Data supplied section start

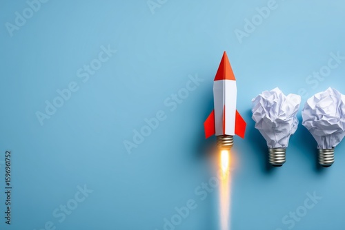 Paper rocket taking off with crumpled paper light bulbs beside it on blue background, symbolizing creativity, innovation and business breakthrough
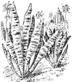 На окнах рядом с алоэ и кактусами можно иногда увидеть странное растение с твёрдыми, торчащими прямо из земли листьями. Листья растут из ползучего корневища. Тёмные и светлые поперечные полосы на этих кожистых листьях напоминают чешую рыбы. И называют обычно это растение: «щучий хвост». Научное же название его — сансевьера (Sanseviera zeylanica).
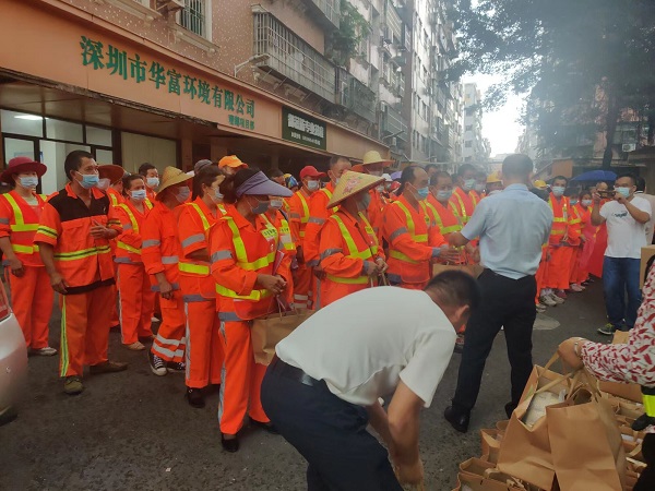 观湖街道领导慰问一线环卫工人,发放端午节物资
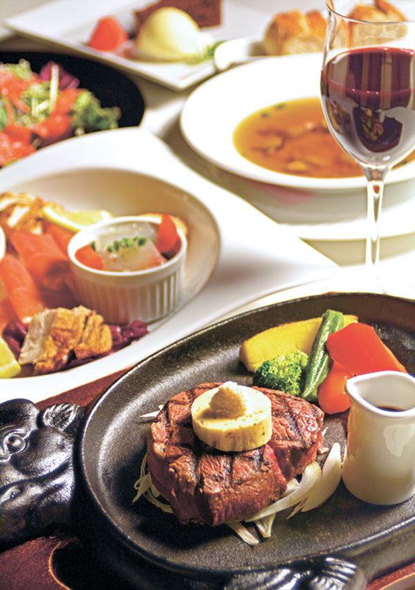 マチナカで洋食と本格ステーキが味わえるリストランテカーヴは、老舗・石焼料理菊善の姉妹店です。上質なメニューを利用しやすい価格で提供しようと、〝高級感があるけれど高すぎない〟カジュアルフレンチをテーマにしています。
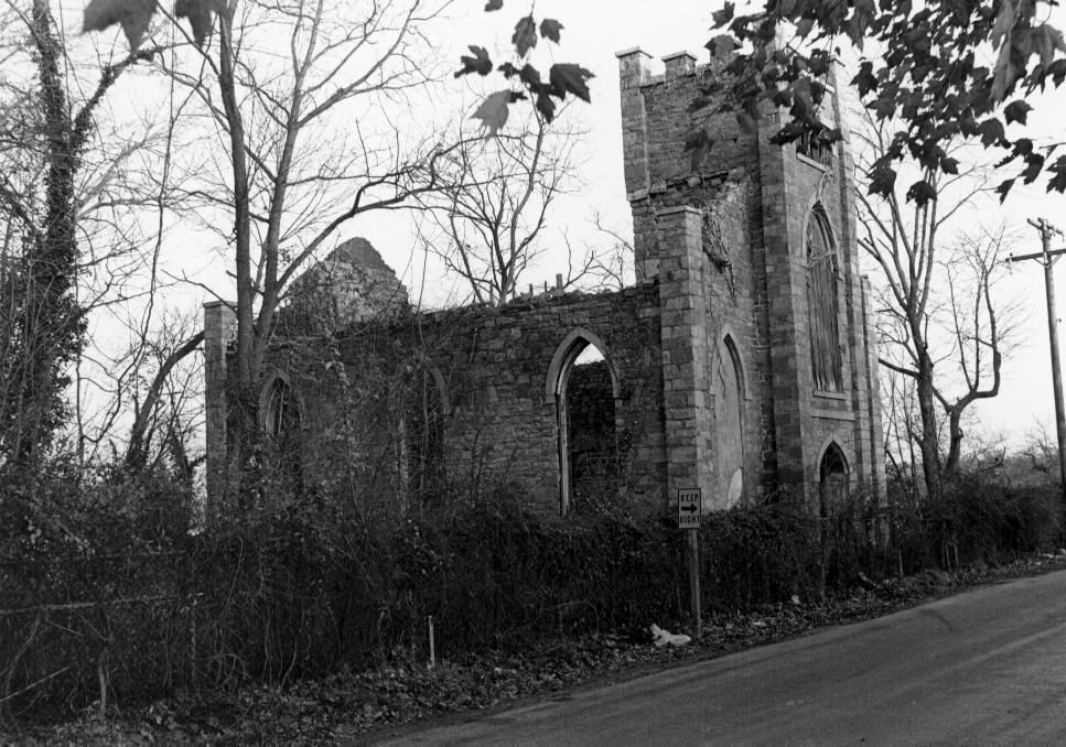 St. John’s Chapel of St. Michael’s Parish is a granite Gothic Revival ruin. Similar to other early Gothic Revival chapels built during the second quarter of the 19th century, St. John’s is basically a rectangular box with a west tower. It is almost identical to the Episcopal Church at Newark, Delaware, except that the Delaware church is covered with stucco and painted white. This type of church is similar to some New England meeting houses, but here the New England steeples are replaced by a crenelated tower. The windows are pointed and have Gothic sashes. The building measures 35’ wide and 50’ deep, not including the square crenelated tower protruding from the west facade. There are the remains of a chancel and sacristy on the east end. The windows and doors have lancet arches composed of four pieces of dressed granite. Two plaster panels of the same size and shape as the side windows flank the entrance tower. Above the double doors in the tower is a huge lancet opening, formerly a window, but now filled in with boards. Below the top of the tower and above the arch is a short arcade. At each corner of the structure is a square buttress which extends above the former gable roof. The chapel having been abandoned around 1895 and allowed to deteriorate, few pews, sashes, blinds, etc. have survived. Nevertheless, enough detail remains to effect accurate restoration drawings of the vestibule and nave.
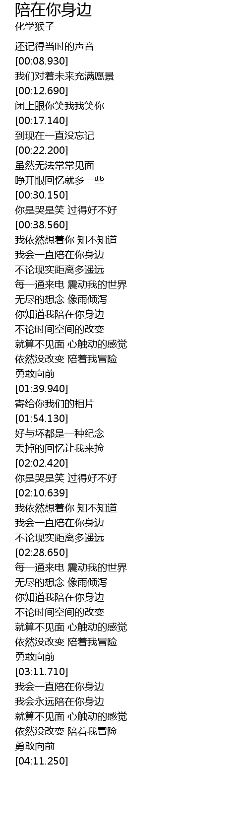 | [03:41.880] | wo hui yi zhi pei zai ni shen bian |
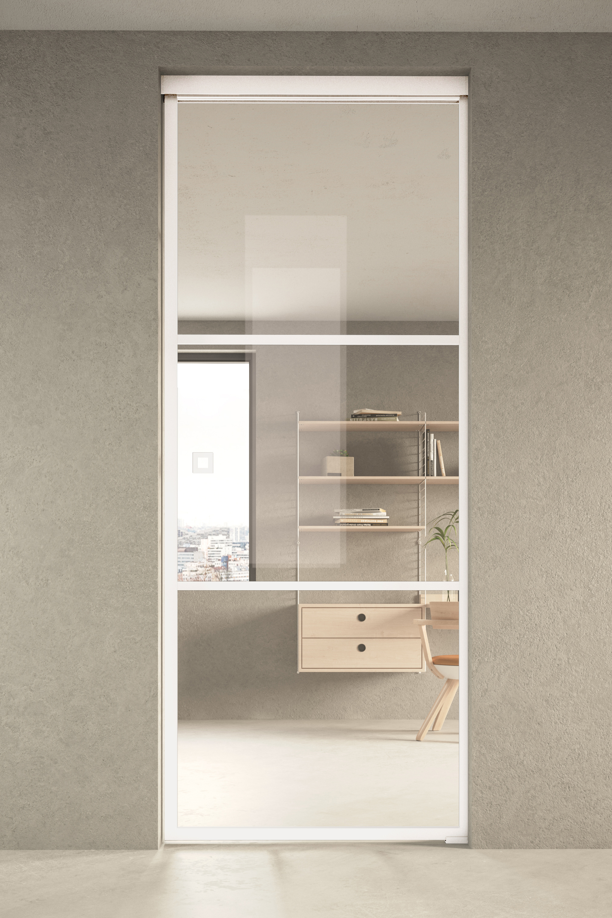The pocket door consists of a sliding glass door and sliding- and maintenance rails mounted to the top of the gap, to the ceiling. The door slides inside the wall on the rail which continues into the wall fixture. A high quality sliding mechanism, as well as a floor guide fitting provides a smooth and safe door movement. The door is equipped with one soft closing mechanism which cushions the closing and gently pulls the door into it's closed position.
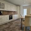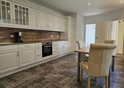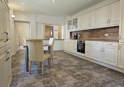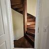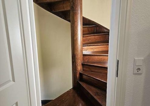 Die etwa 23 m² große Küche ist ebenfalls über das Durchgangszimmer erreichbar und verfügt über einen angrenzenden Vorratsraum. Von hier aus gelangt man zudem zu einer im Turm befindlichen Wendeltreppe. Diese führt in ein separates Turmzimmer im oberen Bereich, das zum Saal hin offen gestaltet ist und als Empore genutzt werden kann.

Data supplied section end

◆ Work to be completed: Return the material line for line, from its beginning to the line that contains "マチナカで洋食と本格ステーキ", with the pictures left out.

◆ Exercise solution:
 Paper rocket taking off with crumpled paper light bulbs beside it on blue background, symbolizing creativity, innovation and business breakthrough
 На окнах рядом с алоэ и кактусами можно иногда увидеть странное растение с твёрдыми, торчащими прямо из земли листьями. Листья растут из ползучего корневища. Тёмные и светлые поперечные полосы на этих кожистых листьях напоминают чешую рыбы. И называют обычно это растение: «щучий хвост». Научное же название его — сансевьера (Sanseviera zeylanica).
 观湖街道领导慰问一线环卫工人,发放端午节物资
 マチナカで洋食と本格ステーキが味わえるリストランテカーヴは、老舗・石焼料理菊善の姉妹店です。上質なメニューを利用しやすい価格で提供しようと、〝高級感があるけれど高すぎない〟カジュアルフレンチをテーマにしています。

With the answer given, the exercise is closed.